Just to clarify-I am talking about much more than refocusing......I am talking about sweat dripping, begging to stop WORK. That way the barn becomes his place to rest. I do the same thing with horses who act stupid at something they have seen a gajillion times. We work hard everywhere else, and the only time they are allowed to go to that place is when they want to rest.

Obviously you don;t keep doing it once they "get it", but sometimes they do need a little "refresher".......:wink:


----------



## Celeste (Jul 3, 2011)

I had a mare like that. She would go absolutely anywhere except back home. I normally don't believe in giving treats when we get back to the barn, but I did with her. With my horse, I think it was because she was confined to a small paddock and was bored. When I moved her to a new location, she did much better. She ended up being one of the best trail horses that I ever rode. I believe that it you asked her, would have taken you through the pits of Hades just to see what was on the other side. 

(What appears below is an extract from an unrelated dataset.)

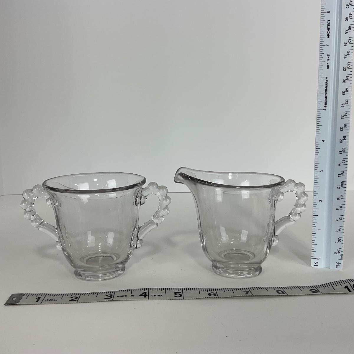 Three piece set of Candlewick including creamer, sugar, and tray. Please see photos for details and condition. ::: Shipping is available on this lot. If you require shipping you must let us know at the close of the auction. We will coordinate with you after the item has been won. Shipping fees will include insurance up to or exceeding the value of all items being mailed. If you have any questions regarding this lot please contact the auctioneer either via this website, by direct email or by phone. PICK UP TIMES and other important information can be found in the TERMS and DESCRIPTION of the auction. Please take a look for pertinent information. Thanks!

Feed her a bit of something sweet when you get back home. Also, go on longer rides. She will most likely get better.


----------



## Silent one (Aug 22, 2011)

I had a National Show Horse gelding who was just like the one you are describing, he HATED to go home. Always wanted to see what was over the next hill or around the next bend.

I finally got him over it with LOTS of hard work. I mean, to the point where I absolutely couldn't wait to get off, LOL! He started to learn that going out meant lots of tiring work, and coming home meant a nice rubdown with lots of treats and rest. Took a while but he turned out to be an awesome trail horse.

I sold him to some friends of mine. He still loves to go out on trails and will go as long as you will, but has enough sense to go home now too.


----------